[Cfp-interest 2048] Re: Underflow

Mon Jul 5 09:50:12 PDT 2021

On Fri, 2 Jul 2021 12:08:49 -0700 Jim Thomas wrote:
>
>> Both
>>  Float from Float * Float, eg (MinFloat*(1.f+FLT_EPSILON))  *  ( 1.f - FLT_EPSILON)  is MinFloat after rounding
>>  Float from Float / Float
>> Are not wider precision (everything done as Float), but have a rounding.
>
>I don't understand this response.
>
>For example, sin(x) might just return x after comparing x with an underflow threshold.

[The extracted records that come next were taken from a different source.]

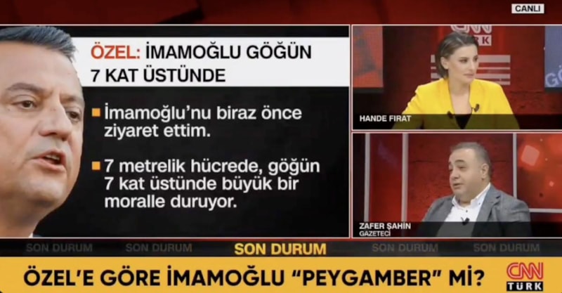 Özgür Özel'in Ekrem İmamoğlu için kullandığı 'göğün 7 kat üzerinde' sözlerini değerlendiren Zafer Şahin, Özel'den bir sonraki açıklamasında İmamoğlu'nu Mesih ilan etmesini beklediğini söyledi.
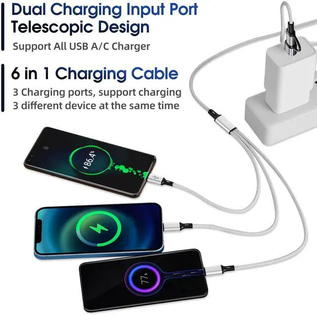 ![Alt view image 7 of 7 - 6 in 1 Multi Charging Cable [3Pack 4FT] Nylon Braided Multi Fast Charging Cord USB A/C to Phone USB C/Micro USB/i-P Connector Universal Multiple Phone Charger](https://c1.neweggimages.com/productimage/nb640/C3H5D2601020L8GDE5D.jpg)
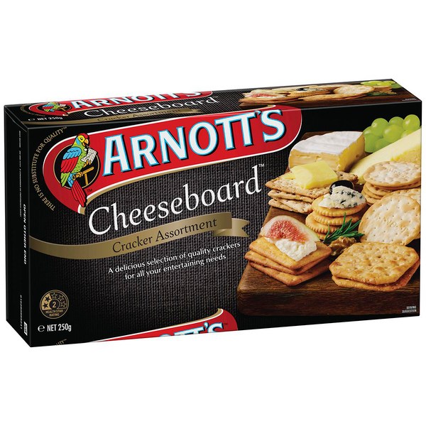 Arnott's Cheeseboard Selection Crackers are ideal for the entertainer. They are a selection of Arnott's most sought after crackers that can be eaten plain or with your favourite toppings. Original water crackers, sesame wheat crackers, harvest wheat, savoy, sesame water crackers and stone-ground crackers that are perfect with cheese.
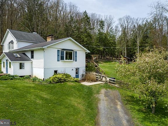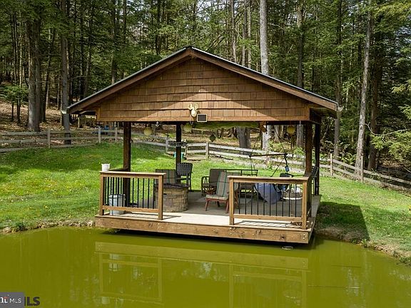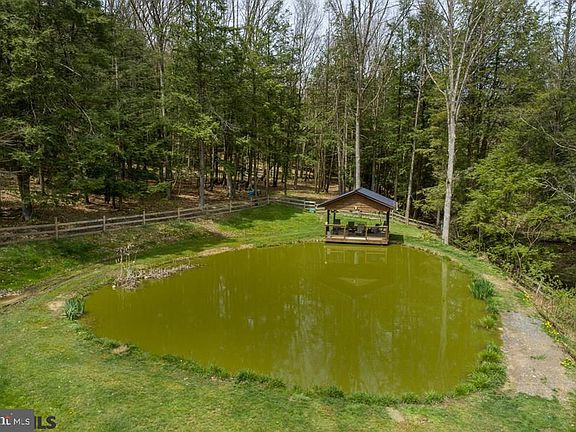 Enjoy country living on 11 acres with a beautiful pond, outdoor pavilion, mountain and valley views, fenced yard, raised garden beds and lots of privacy. This two story home is rich with charm and character and offers an open floor plan, spacious kitchen, large deck, first floor bedroom with full bath, laundry, and a living room with fireplace. Retrieve upstairs to a spacious owner's suite with views, walk in closet, skylights, and wood burning fireplace. There is also a light and bright owners bath with lovely claw foot tub. Bank barn and detached garage are as is with loads of potential.
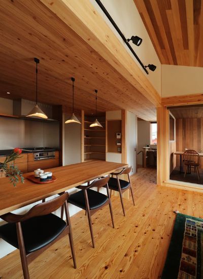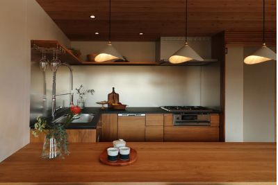 L字型キッチンとつながる一枚板のダイニングテーブルへの動線はお客様から好評いただきました。
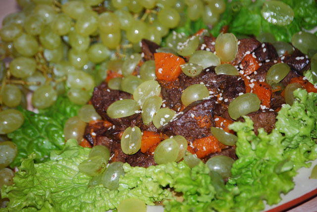 Салат из куриной печени, тыквы и винограда
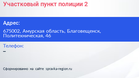 Участковый пункт полиции №2 по адресу 675002, Амурская область, Благовещенск, Политехническая, 46 в дальнейшем Организация, размещена в следующих категориях:
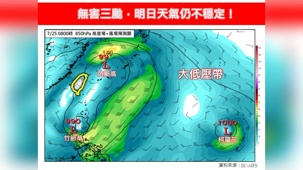 今年第7號颱風「范斯高」與第8號颱風「竹節草」在23日先後生成,形成「雙颱共舞」的罕見天氣型態,如今更有第9號颱風「柯羅莎」加入,海面上瞬間出現「三颱共舞」的現象。氣象專家林得恩今(25)日指出,雖然三颱對台灣無直接影響,但環境仍受大低壓帶影響,週六(26日)天氣仍不穩定!
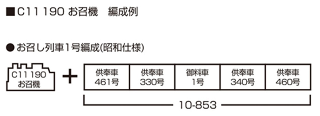◆緑色の色差しが入ったナンバープレートやロッドが特徴のC11 190号機を昭和41年(1966)のお召列車牽引時の仕様で製品化いたします。同時再生産予定の〈10-853 お召列車1号編成(昭和仕様)〉の牽引機としてはもちろんのこと、お召装飾の入ったきらびやかな外観はコレクションにもオススメです。
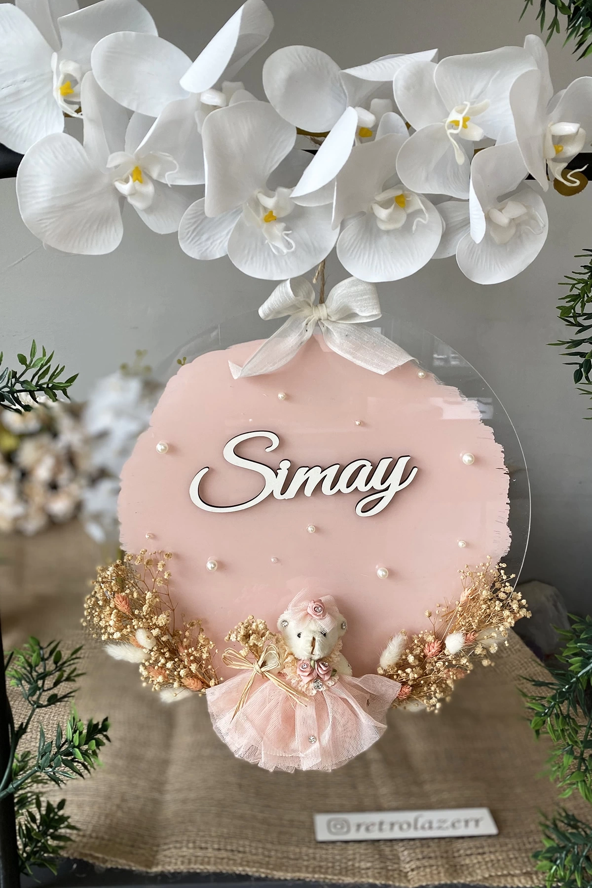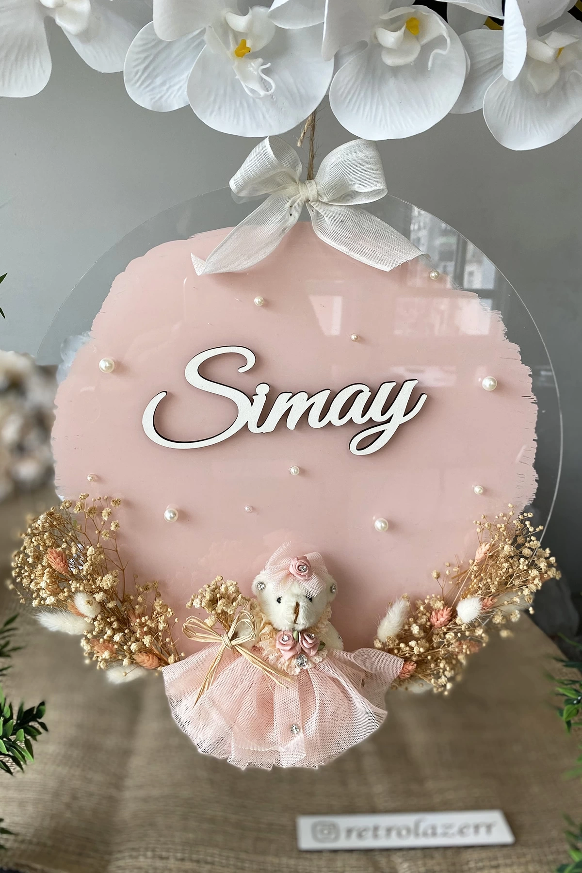 Şeffaf Boyalı Pleksi Peri Ayıcıklı Bebek Kapı Süsü İsimlik Makrome 30x30 cm
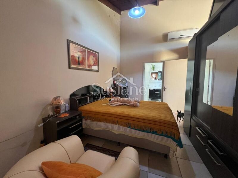 O imóvel possui na parte térrea, dois dormitórios, sala de estar com lareira, cozinha e garagem. Nos fundos conta com uma cozinha campeira, com fogão e forno a lenha, lareira e pátio.
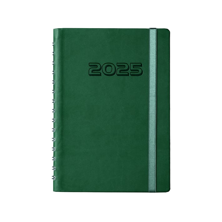 Календар-бележник, А5, с дати, със спирала и ластик, луксозен, зелен
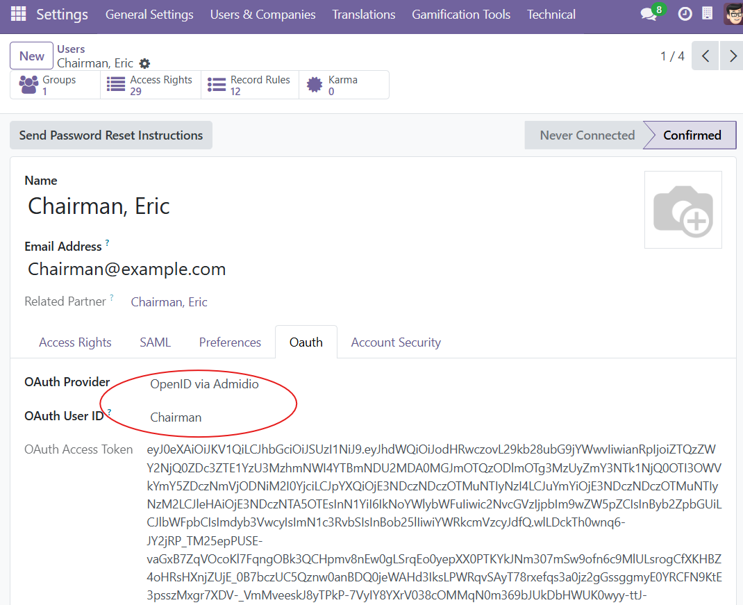 If you look at the user profile in the admin backend, the Admidio account will be connected to the (existing or newly created) Odoo account and the user Id and OAuth Access Token stored in the user profile for future login.
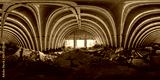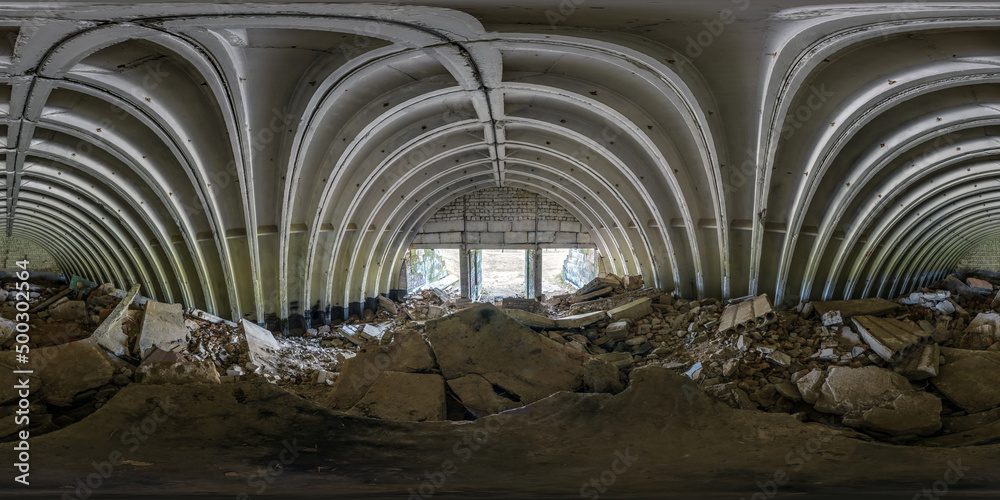 seamless spherical hdri 360 panorama view inside of empty old hangar with pieces of broken concrete and building materials in equirectangular projection, ready for AR VR virtual reality content
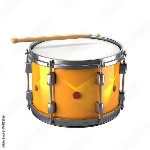 drum, percussion, instrument, music, yellow, stick, chrome, metal, rythm, beat, sound, band, orchestra, musical, play, entertainment, performance, culture, art, object, isolated, studio, shot, background, black, circle, cylindrical, shiny, light, shadow, wooden, brown, beige, hardware, metallic, bright, vibrant, stage, concert, audio, noise, kit, set, equipment, detail, closeup, rendering, design
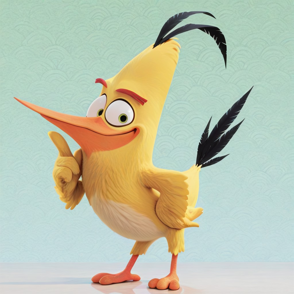 Chuck, bird, avian, yellow feathers, light yellow belly, Yellowish green eyes, red eyebrows, crest with Three Long black feathers, orange long beak, Orange avian Feet, black five feather tail,
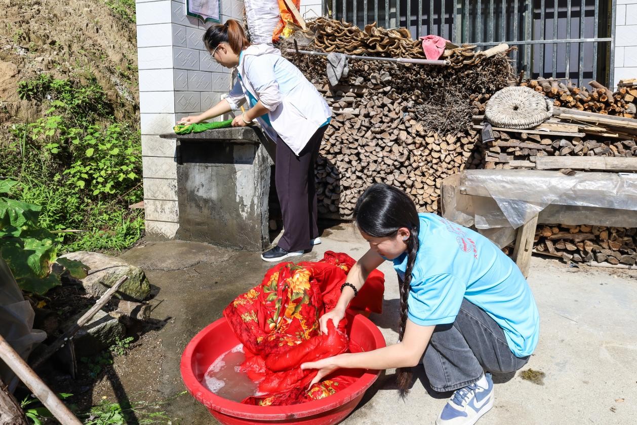 在看到烈日下全身汗湿的爷爷在洗着厚重的被子,团队两位成员上前帮忙,开启“温情洗护”行动。尽管缺乏经验,她们也认真反复的搓洗,从满是泡沫的双手,到洁净蓬松的被子,这一行动 不仅是为老人分担家务,更是在传递对村民的深切关怀,让乡村烟火日常,多了份青春守护的温暖底色。
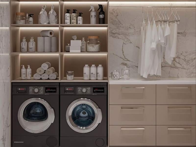 - Since laundry areas often deal with moisture, pick materials that are built to last in humid conditions and are easy to clean and maintain.
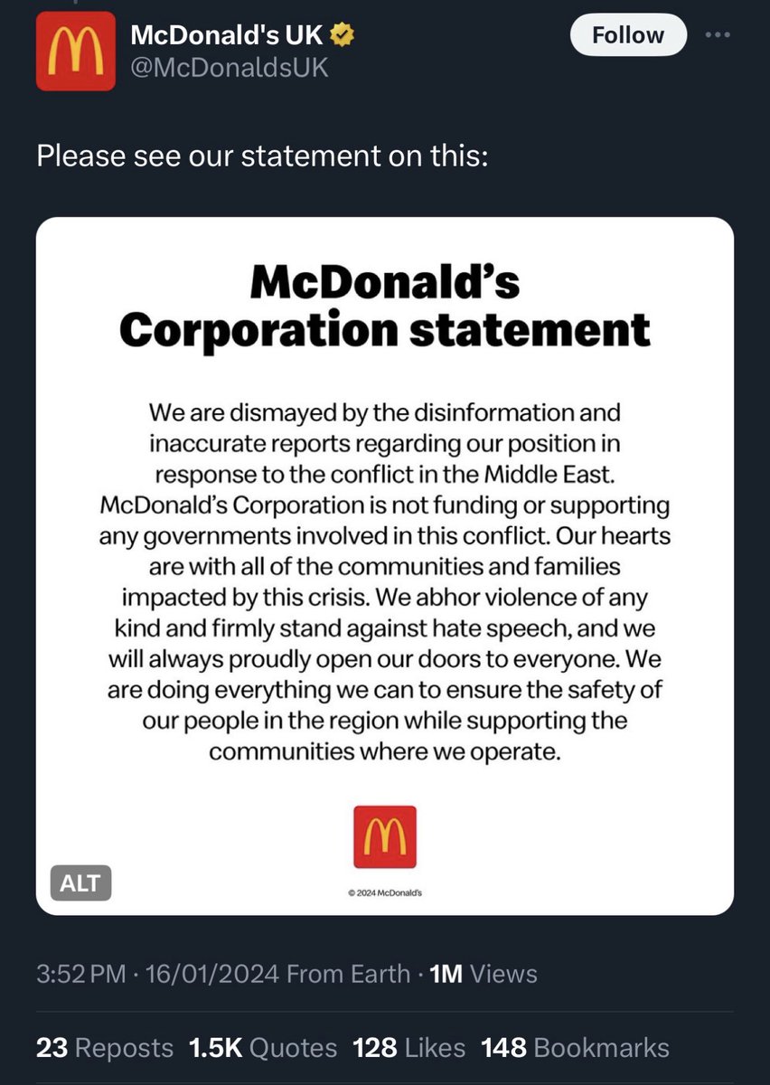 MCDONALD’S UK STATEMENT AFTER MAJOR IMPACT AFTER BOYCOTTS bUt bOyCoTt dOeS nOt wOrK https://t.co/fvUnJ2Pnf3
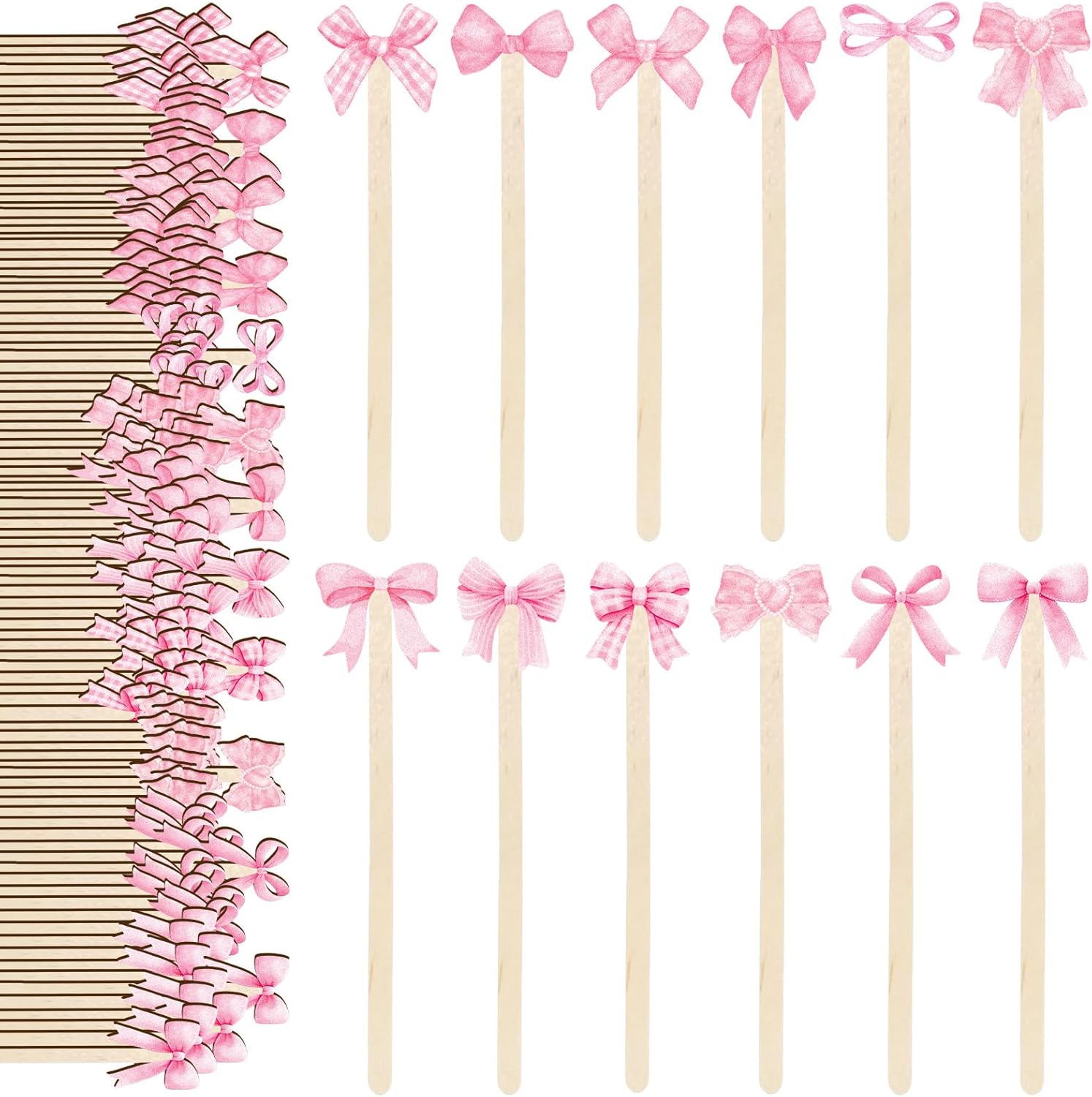 120Pcs Pink Bow Coffee Stirrers Watercolor Multiple Bowknot Disposable Stir Sticks Wooden Drink Stirrers for Home Office Bar Restaurant Party Supplies
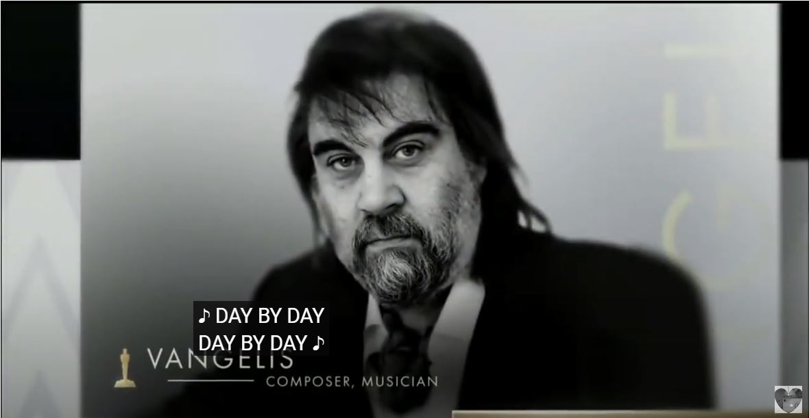 Υπό τους ήχους του τραγουδιού «Calling All Angels» από τον βραβευμένο με Grammy μουσικό Λένι Κράβιτζ (Lenny Kravitz) στη σκηνή παρουσιάστηκε το βίντεο-αφιέρωμα που περιελάμβανε μεταξύ άλλων τους Ρέι Λιότα (Ray Liotta), ‘Αντζελα Λάνσμπερι (Angela Lansbury), Ράκελ Γουέλς (Raquel Welch),Τζέιμς Κάαν (James Caan) και Τζίνα Λολομπριγκίτα (Gina Lollobrigida). Ανάμεσά τους ήταν ο Βαγγέλης Παπαθανασίου και η Ειρήνη Παπά. Η τελευταία φωτογραφία ήταν αφιερωμένη στον Ουόλτερ Μίρις (Walter Mirisch) παραγωγό και πρώην πρόεδρο της Ακαδημίας.

What was rounded?

The mathematical result was rounded.

The Taylor series expansions:
  sin(x) = x - x**3/6 + ...
 asin(x) = x + x**3/6 + ...
help determine when underflow should happen.

Let min be the minimum normal number.
Let den be the minimum subnormal number.

Consider these cases:

sin(min) which should be just under min that rounds to min
asin(min) which should be just over min that rounds to min
hypot(0,min) which is exactly min
scalbn(min,-1) which is exactly min/radix
nextafter(min,0) which is exactly largest subnormal

sin(den) which should be just under den that rounds to den
asin(den) which should be just over den that rounds to den
hypot(0,den) which is exactly den
scalbn(den,1) which is exactly radix*den
nextafter(0,1) which is exactly den

So, 
sin(min) should be underflow
asin(min) should not be underflow
hypot(0,min) should not be underflow
scalbn(min,-1) should not be underflow
nextafter(min,0) should not be underflow (but is required to be)

sin(den) should be underflow
asin(den) should be underflow
hypot(0,den) should not be underflow
scalbn(den,1) should not be underflow
nextafter(0,1) should not be underflow (but is required to be)

To me, that means the mathematical result determines when the result
is underflow.  And, if the mathematical result is not equal to the
returned value (that is, is inexact).

So, I am in favor of something like:

  The result underflows (unless specified otherwise) if the magnitude
  (absolute value) of the mathematical result is nonzero and less than
  the minimum normal number in the type and not equal to the result in
  the type.249)

---
Fred J. Tydeman        Tydeman Consulting
tydeman at tybor.com      Testing, numerics, programming
+1 (702) 608-6093      Vice-chair of PL22.11 (ANSI "C")
Sample C99+FPCE tests: http://www.tybor.com
Savers sleep well, investors eat well, spenders work forever.